# Unsung Heros, T-33, F9F



## davparlr (Nov 5, 2016)

Just a comment recognizing the contributions of two aircraft that took the US military from propellers to jets and from WWII tactics to cold/hot war tactics. The T-33 began its life in the middle of WWII as the first generation jet P-80, as it became outclassed in the late 40s, it morphed into F-94 and the T-33. The T-33 was operational in the AF until the 70s. The F9F Panther started out as a second generation fighter for the Navy in the late 40s but quickly became obsolete and morphed into the swept wing F9F Cougar and then to the TF-9 Advanced trainer, a roll it had until the mid 70s. This was time of massive changes in aviation and these two aircraft helped navigate through those changes. When I went into the military in 1969, had I gone into the Navy, and was good enough, I would have flow the F-9 in advanced training.
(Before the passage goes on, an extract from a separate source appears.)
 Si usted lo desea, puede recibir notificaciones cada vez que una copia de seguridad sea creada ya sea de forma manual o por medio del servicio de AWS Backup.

The AF, which I did go into, had progressed to the t-37 and T-38, both of which I flew so didn't fly the T-33, however, a friend who was transitioning to the OV-10, did indeed train in the AT-33. Mighty planes.
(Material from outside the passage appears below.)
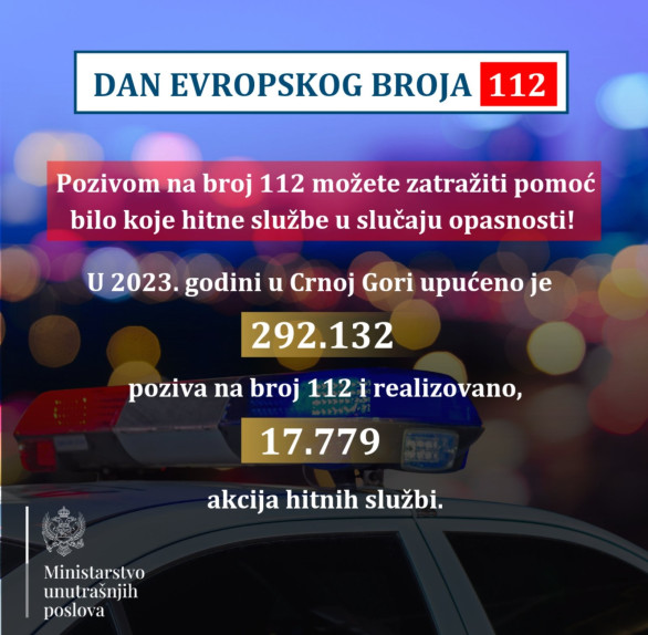 Dan jedinstvenog evropskog broja za pozive u hitnim situacijama 112 obilježava se 11. februara u cilju skretanja pažnje javnosti na važnost sigurnosti i bezbjednosti u Evropi, kao i na značaj postojanja ovog broja posredstvom kojeg građani mogu dobiti pomoć u različitim hitnim situacijama, saopšteno je iz MUP-a.

One note: These planes testify to the ruggedness and dependability of the those early British Centrifugal engines.

Reactions: Informative Informative:
1 | Like List reactions


----------



## tyrodtom (Nov 5, 2016)

At all the stateside USAF bases I was stationed at up to my discharge in 1969, they still had T-33s for the pilots assigned to grounds duties to fly so they could stay current and qualify for flight pay.

I saw them at Lackland, Lowry, Seymour Johnson, and Hill AFB, but I don't recall them at any of the overseas bases I was at..


----------



## davparlr (Nov 6, 2016)

tyrodtom said:


> At all the stateside USAF bases I was stationed at up to my discharge in 1969, they still had T-33s for the pilots assigned to grounds duties to fly so they could stay current and qualify for flight pay.
> 
> I saw them at Lackland, Lowry, Seymour Johnson, and Hill AFB, but I don't recall them at any of the overseas bases I was at..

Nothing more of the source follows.